# [PROMPT]
Repeat exactly the lines that begin at the one containing "barva: šedá|baterie součástí" and end at the final line of the records; include no pictures and nothing else.

━━━━━━━━━━

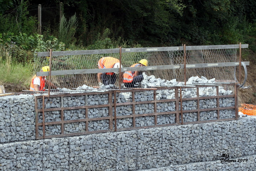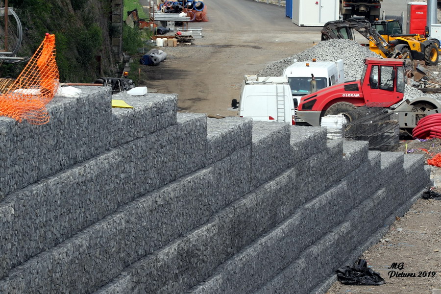 suite des travaux pour le mur de soutènement en pierre empilées dans des cages grillagées le 02-07-2019
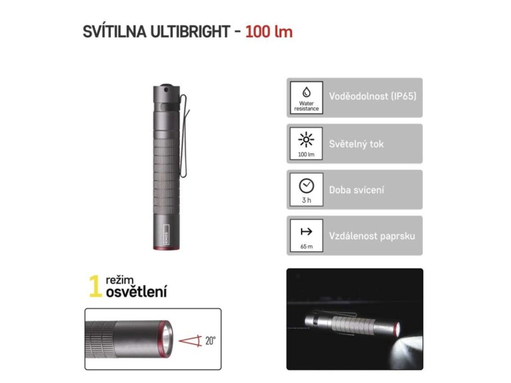 barva: šedá|baterie součástí balení: ne|doba nabíjení: neuvádí se|doba svícení: 3 h|doba svícení detail: CREE LED 100 % – 3 h|dosvit: CREE LED 100 % – 65 m|fokus: ne|hmotnost: 32 g|LED indikace nabíjení: neuvádí se|LED indikace stavu akumulátoru: neuvádí se|materiál: hliník|maximální dosvit: 65 m|maximální světelný tok: 100 lm|nabíjecí: ne|napájení: 1× AAA|nárazuvzdornost: ano|počet režimů svícení: 1|příslušenství: neuvádí se|prodejní obal: 1 ks, krabice|režimy svícení: CREE LED 100 %|rozměr: 98 × 16 × 16 mm|speciální funkce: neuvádí se|světelný tok: CREE LED 100 % – 100 lm|typ baterie: LR03 (1,5 V)|typ napájecího konektoru: neuvádí se|voděodolnost: ano (IP65)|vybavení: klip, poutko|záruční doba: 3 roky|zdroj světla: CREE LED|značka: EMOSObrázky jsou pouze ilustrativní.
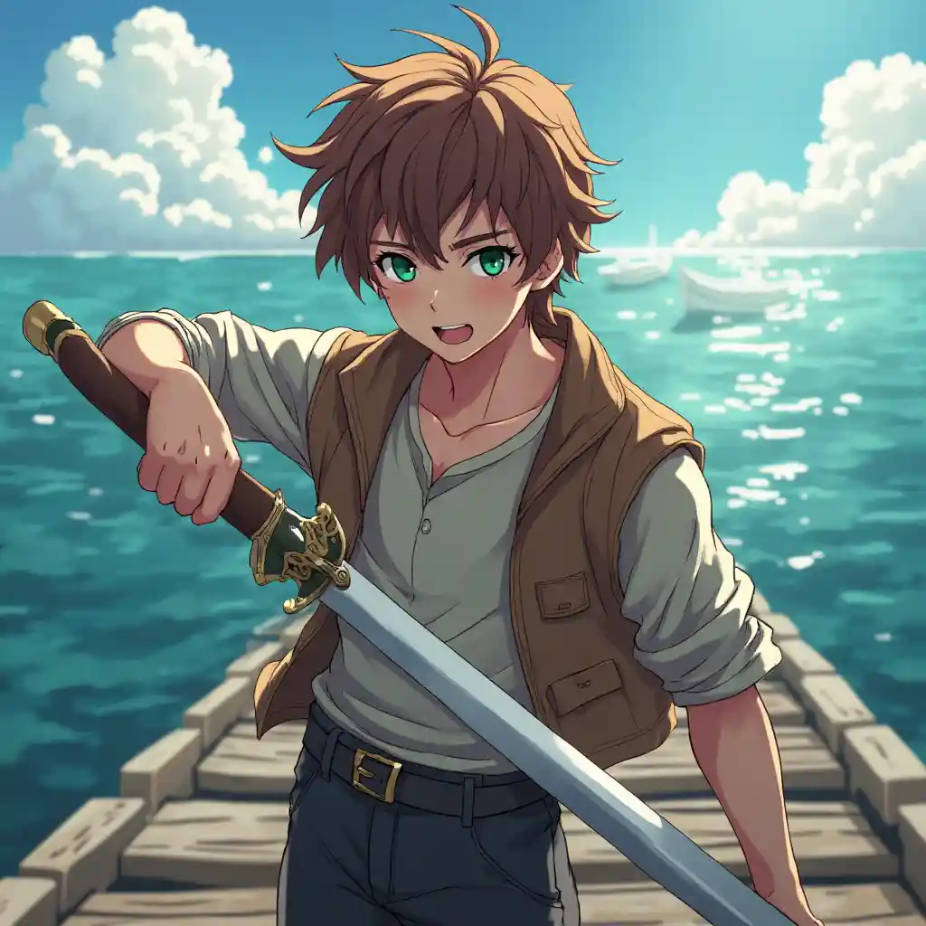 Niño de anime con cabello castaño y ojos verdes sosteniendo una espada en un muelle.
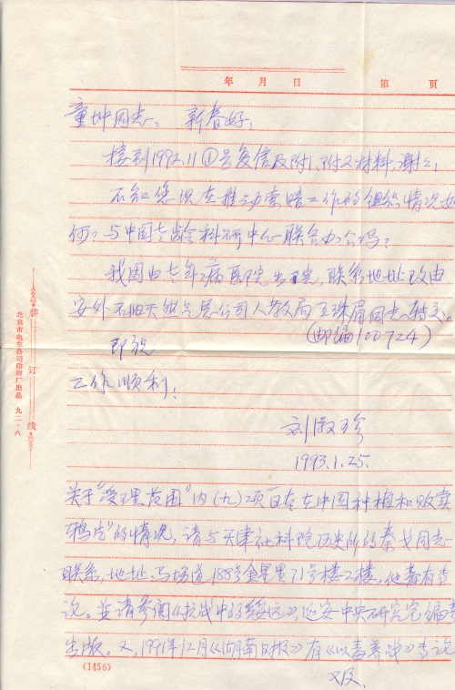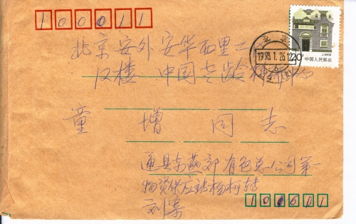 我因由老年病医院出院,联系地址改由安外石油天然气总公司人教局五珠眉同志转交。(邮编100724)
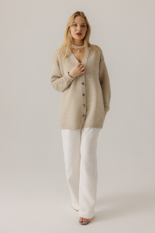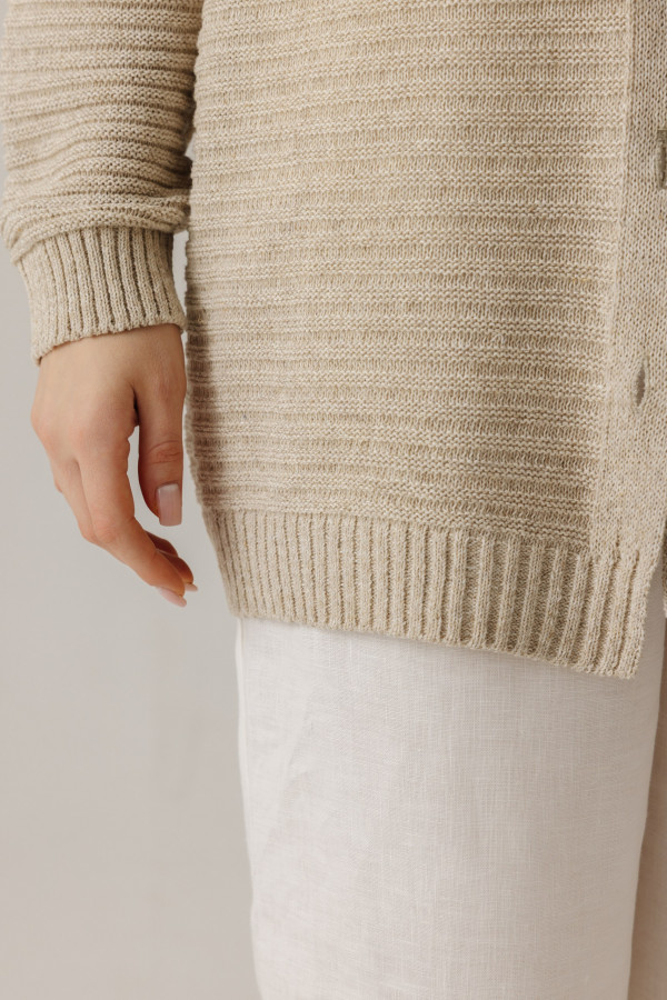 Стильный женский удлиненный жакет изо льна, силуэт прямой.

━━━━━━━━━━

# [OUTPUT FOR THIS EXERCISE]
 barva: šedá|baterie součástí balení: ne|doba nabíjení: neuvádí se|doba svícení: 3 h|doba svícení detail: CREE LED 100 % – 3 h|dosvit: CREE LED 100 % – 65 m|fokus: ne|hmotnost: 32 g|LED indikace nabíjení: neuvádí se|LED indikace stavu akumulátoru: neuvádí se|materiál: hliník|maximální dosvit: 65 m|maximální světelný tok: 100 lm|nabíjecí: ne|napájení: 1× AAA|nárazuvzdornost: ano|počet režimů svícení: 1|příslušenství: neuvádí se|prodejní obal: 1 ks, krabice|režimy svícení: CREE LED 100 %|rozměr: 98 × 16 × 16 mm|speciální funkce: neuvádí se|světelný tok: CREE LED 100 % – 100 lm|typ baterie: LR03 (1,5 V)|typ napájecího konektoru: neuvádí se|voděodolnost: ano (IP65)|vybavení: klip, poutko|záruční doba: 3 roky|zdroj světla: CREE LED|značka: EMOSObrázky jsou pouze ilustrativní.
 Niño de anime con cabello castaño y ojos verdes sosteniendo una espada en un muelle.
 我因由老年病医院出院,联系地址改由安外石油天然气总公司人教局五珠眉同志转交。(邮编100724)
 Стильный женский удлиненный жакет изо льна, силуэт прямой.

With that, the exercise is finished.